Altıntaş'ın bir ara evindeki eşyaları 600 liraya satılığa çıkardığını, kendisinin ise "Bunları ben daha pahalıya satarım ama üzerini alırım." dediğini söyleyen Tunç, eşyaları Ankara'da göreve başlayıp, ev ve eşya arayan Çevik Kuvvet personeline bin 300 ya da bin 200 liraya sattığını, içinden sadece 200 lira aldığını, kalanını Altıntaş'a gönderdiğini bildirdi.
Tunç, Gaziantep'teyken iş aradığını, öğrencilere ders verdiğini, sonra işin sona erdiğini, o sırada öğrencilerin kırtasiye masrafları için verilen bir miktar paranın kendisinde bulunduğunu, merkezden de ücret alacağı olduğundan, bu parayı iade etmediğini anlattı. Ücretini sonra aldığını ama kırtasiye parasını iade edemediğini ifade eden Tunç, askere gidip geldikten sonra "kul hakkı" olacağı düşüncesiyle ders verdiği yere telefon açtığını, durumu anlattığını ve kendisinde kalan parayı transfer ettiğini savundu.
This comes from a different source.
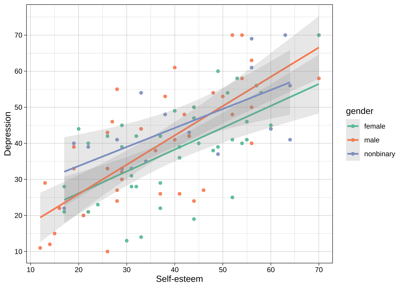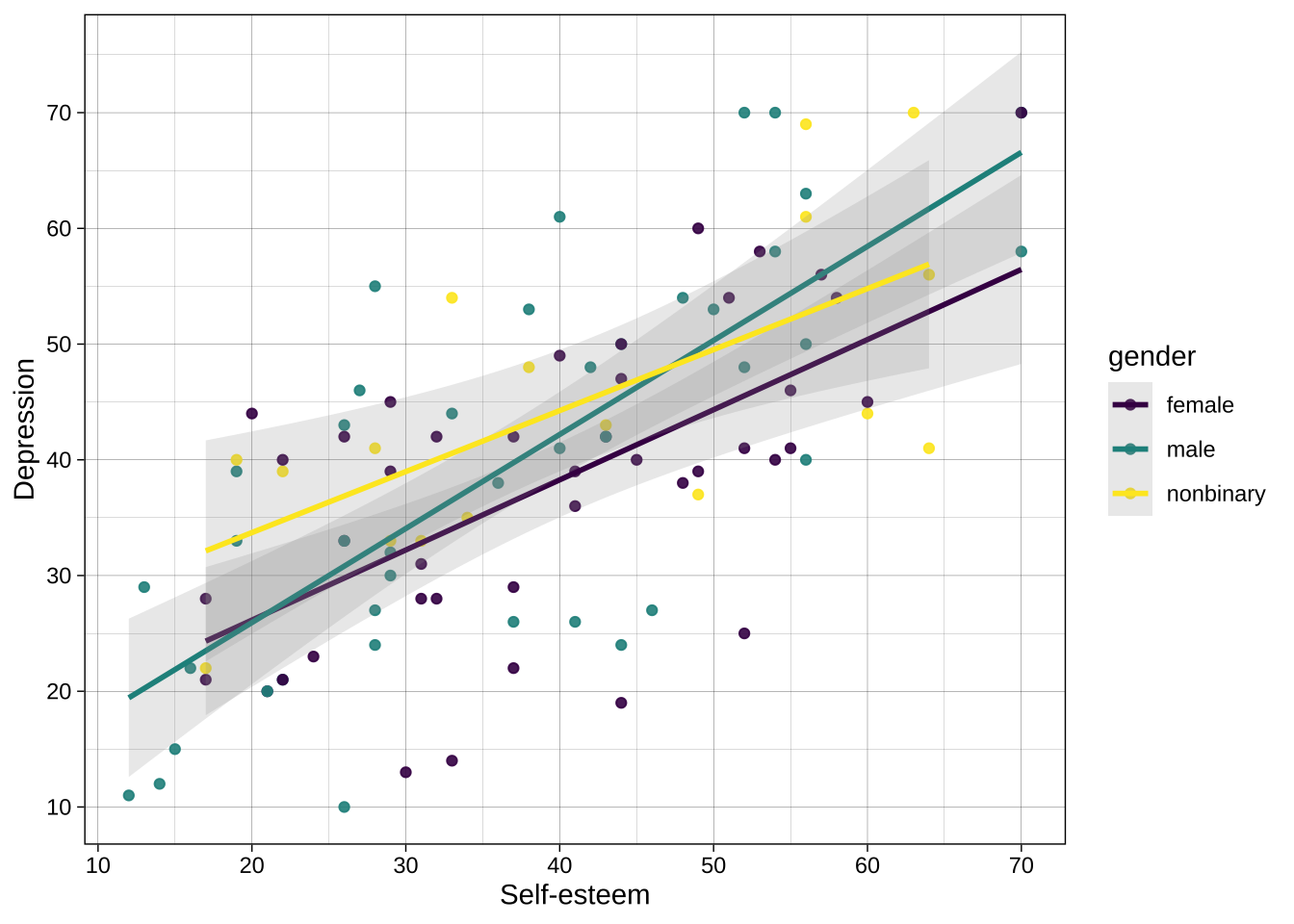 p <- p + geom_smooth(method = "lm") # linear regression line using lm()

Gaziantep'teki FETÖ ile iltisaklı kişilere para transfer ettiği suçlamasını kabul etmeyen Tunç, ders verdiği yerin belediyenin etüt merkezi olduğunu söyledi.
Tunç, iddianamede bahsedilen ve kendisinin FETÖ'nün emniyet mahrem yapılanmasında yer aldığına ilişkin bilginin bulunduğu mikro SD kartın "FETÖ planı" olduğunu iddia etti. SD karttaki suçlamaları kabul etmeyen Tunç, "ByLock'um olmamasına, örgüt evine ve toplantılara gitmememe rağmen ne diye kodlanıyorum?" ifadesini kullandı.
Tunç'un savunmasının ardından suikastın işlendiği "Kaliningrad'dan Kamçatka'ya Rusya" adlı serginin organizatörü Mustafa Timur Özkan'ın savunmasına geçildi.